Enviei o email abaixo e não obtive resposta. Ao contrário, vi desaparecer das páginas do seu jornal qualquer referência ao assunto DITADURA VERSUS DITABRANDA, e nem mesmo o ombusdman se dignou a me dar alguma resposta.

Com certeza não esperava que o senhor fizesse agora alguma sugestão do que os algozes da DITADURA (repito, DITADURA - para que não haja dúvidas) deveriam fazer de acordo com seu refinado gosto, ou conforme os critérios do seu infográfico que mede a intensidade de ditaduras. Para ajudar VS, visto que a foto do cadáver de meu pai não lhe pareceu suficiente para sua opinião abalizada, envio agora a de outros dois militantes políticos, igualmente assassinados por sua DITABRANDA, que nós, democratas, continuamos a chamar de DITADURA mesmo.

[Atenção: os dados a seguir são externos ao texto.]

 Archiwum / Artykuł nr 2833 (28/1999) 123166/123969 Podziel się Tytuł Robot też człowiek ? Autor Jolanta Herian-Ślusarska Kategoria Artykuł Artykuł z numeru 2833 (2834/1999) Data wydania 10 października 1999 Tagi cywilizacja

As três fotos são: meu pai, o mecânico Joaquim Alencar de Seixas, o arquiteto Antônio Benetazzo e o operário químico Virgílio Gomes da Silva.

Observe as fotos anexas e reflita. Apenas isso.

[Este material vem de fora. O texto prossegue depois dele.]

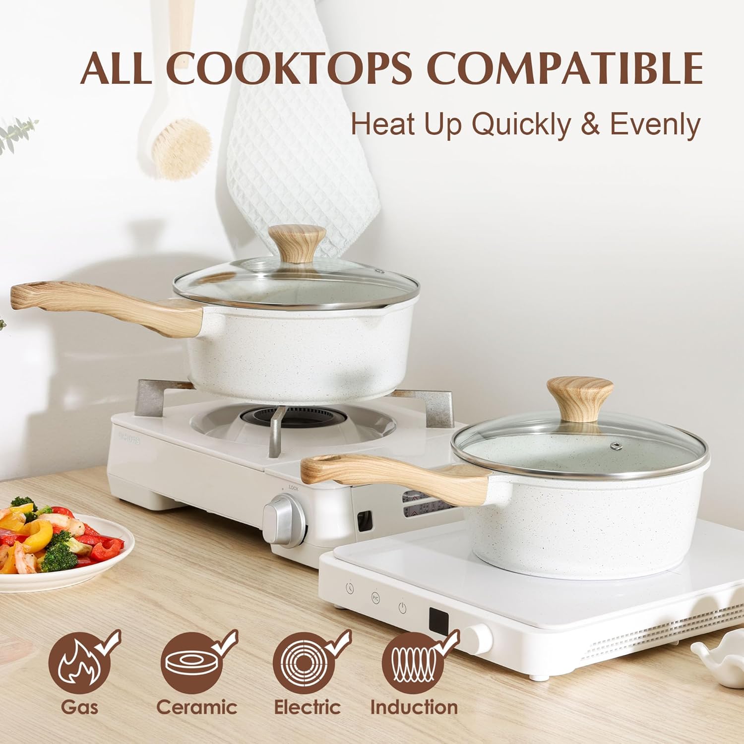 - Suitable For All Stoves - High magnetic conductive stainless steel base allows the 2.5 qt saucepan with lid nonstick to work on all cooktops, including induction. The core of small sauce pan stone is made of cast aluminum, which is sturdy, long-lasting and heats up quickly and evenly.

Em seguida, mostre aos seus pares de redação: Clóvis Rossi, Eliane Cantanhede, Kennedy Alencar, Nelson de Sá, Mônica Bergamo e Gilberto Dimenstein, entre outros. Pergunte-lhes o que têm a dizer a respeito do assunto. Depois, peça-lhes que enviem suas opiniões para o meu endereço eletrônico (...) Certamente, eles devem ter algo a acrescentar a este debate. O Fernando Barros e Silva já se manifestou. Mas foi obrigado a concordar com sua tese de retaliação e grosserias contra os professores Fábio Konder Comparato e Maria Victória de Mesquita Benevides. Provavelmente com medo de perder o emprego.Senhor, sua democracia é bem curiosa. Frente à condenação pública, suspende e proíbe o debate. Não permite que o ombusdman exerça seu papel - e este se acomoda, enquanto o senhor corta as cartas ao Painel do Leitor, tal qual a dona Solange Hernandes fazia nos áureos tempos do seu pai e do seu jornal cedido ao pessoal da OBAN-DOI/CODI. Ou seja, o senhor cuida de seus funcionários como seu pai cuidava de suas galinhas.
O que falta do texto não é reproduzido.